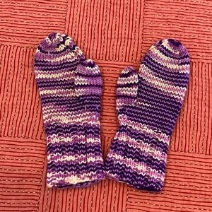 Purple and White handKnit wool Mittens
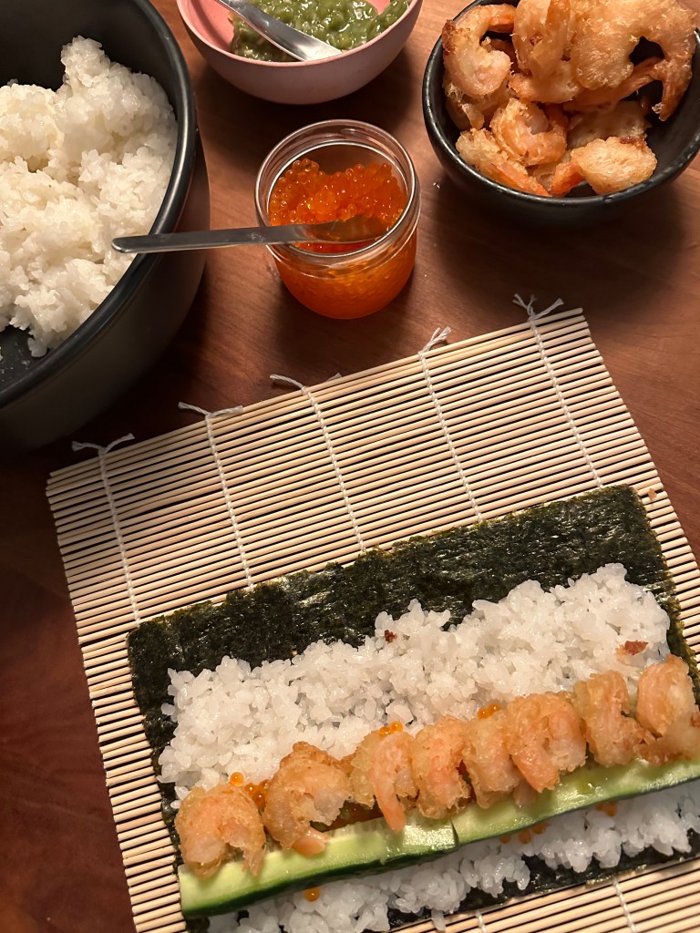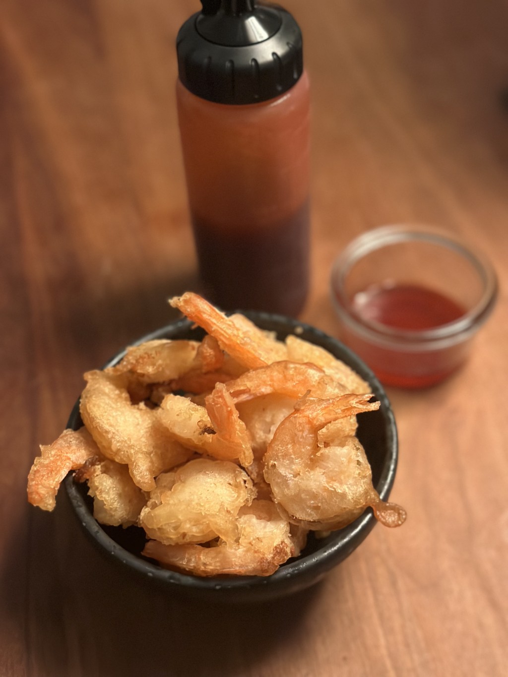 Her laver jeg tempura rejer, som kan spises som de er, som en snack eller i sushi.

--

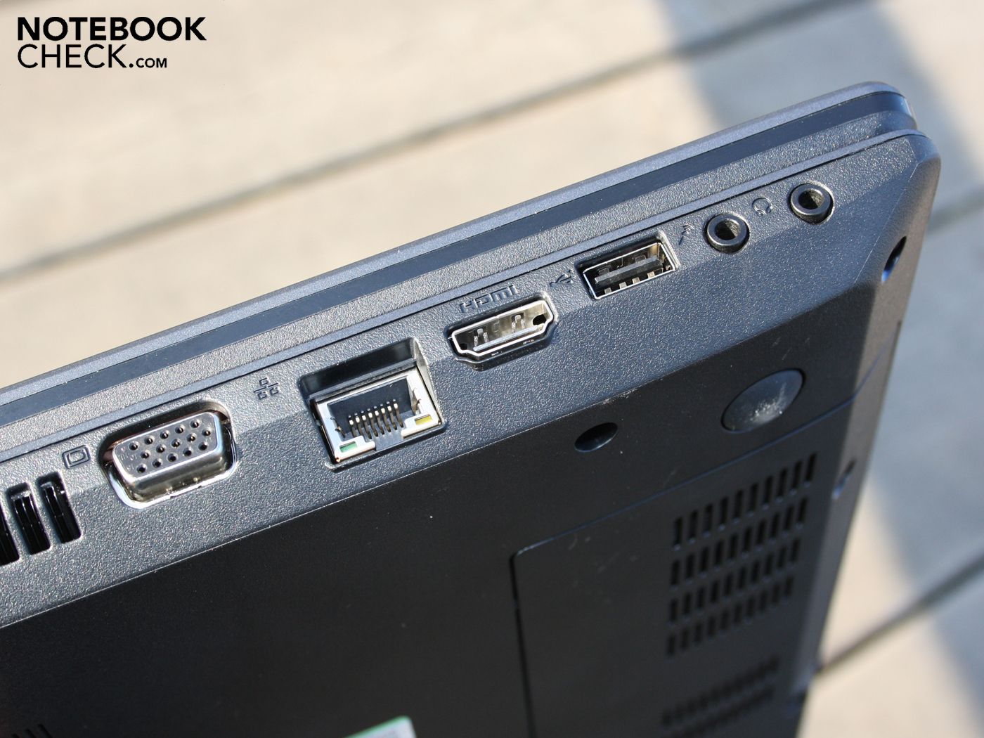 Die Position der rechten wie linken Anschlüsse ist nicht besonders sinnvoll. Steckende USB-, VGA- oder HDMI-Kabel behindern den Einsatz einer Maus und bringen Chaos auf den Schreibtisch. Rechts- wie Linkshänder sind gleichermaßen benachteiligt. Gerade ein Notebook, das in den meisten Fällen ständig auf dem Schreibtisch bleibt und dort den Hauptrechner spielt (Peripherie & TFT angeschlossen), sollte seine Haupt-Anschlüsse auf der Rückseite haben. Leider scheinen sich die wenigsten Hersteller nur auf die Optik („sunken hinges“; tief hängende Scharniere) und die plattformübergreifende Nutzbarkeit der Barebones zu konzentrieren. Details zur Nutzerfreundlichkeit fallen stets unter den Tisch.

* * *

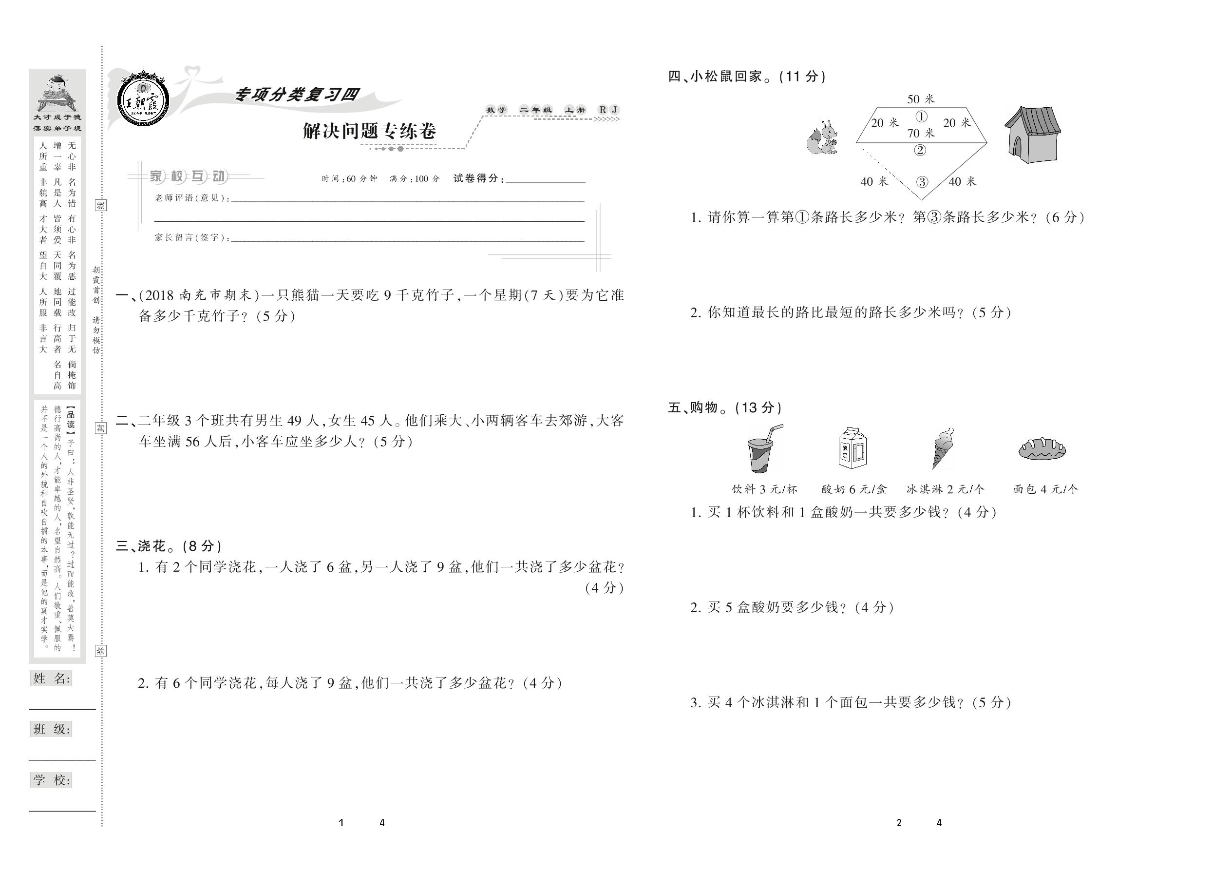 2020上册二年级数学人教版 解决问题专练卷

→ **HOW TO COMPLETE THIS TASK**: Above are records; write out the lines from the one with "Purple and White handKnit wool Mittens" down to the one with "Her laver jeg", exactly, leaving the pictures out.

→ **SOLUTION TO THIS EXERCISE**:
 Purple and White handKnit wool Mittens
 Her laver jeg tempura rejer, som kan spises som de er, som en snack eller i sushi.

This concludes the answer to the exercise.